- Born: 16 May 1945 Freetown, Sierra Leone
- Died: 16 October 2016 (aged 71)
- Education: MB BS Newcastle(1971) MRCP(1974) MSc Lond(1978) FRCP(1989)
- Relatives: Dr Rachel Buxton (daughter)
- Medical career
- Profession: Physician
- Institutions: Addenbrookes Hospital St Thomas' Hospital King's College Hospital
- Sub-specialties: Nuclear Medicine
- Research: Nuclear Medicine

= Muriel Buxton-Thomas =

Nuclear medicine physician and researcher (b. 1945, d. 2016)

Muriel Buxton-Thomas (May 16, 1945 - October 16, 2016), was an African nuclear medicine physician and researcher.

== Biography ==
Muriel Simisola Buxton-Thomas was born in Freetown, Sierra Leone, to Claude Victor and Claudia Blanche Buxton-Thomas. At the age of 10 her family moved to London, and she attended Wimbledon High School.
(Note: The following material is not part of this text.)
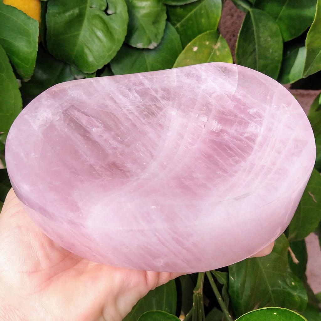 Rose Quartz Bowl, 5.75 inches long, 2.55 pounds in weight.This is a one-of-a-kind item - you will receive the actual item in photo. Once sold, it is gone.

She enrolled at Newcastle Medical School in 1965, qualifying in 1971. She received her MSc in Nuclear medicine in 1978.

She was Consultant Physician in Nuclear Medicine at St Thomas's Hospital and Medway Hospital between 1984 and 1992. Then she became Clinical Director of Nuclear Medicine at Kings College Hospital until 2010.

The Royal College of Physicians noted in her obituary that '[h]er clinical work embraced many specialties, including endocrinology, adult and paediatric hepatology, osteoporosis and pulmonary medicine.' She oversaw the installation of one of the first PET capable gamma cameras in England in her department at Kings College Hospital.

In 2017 Buxton-Thomas posthumously received the President's medal from the British Nuclear Medicine Society. Her daughter, Dr Rachel Buxton-Thomas, is Consultant Respiratory Physician at Brighton and Sussex University Hospitals.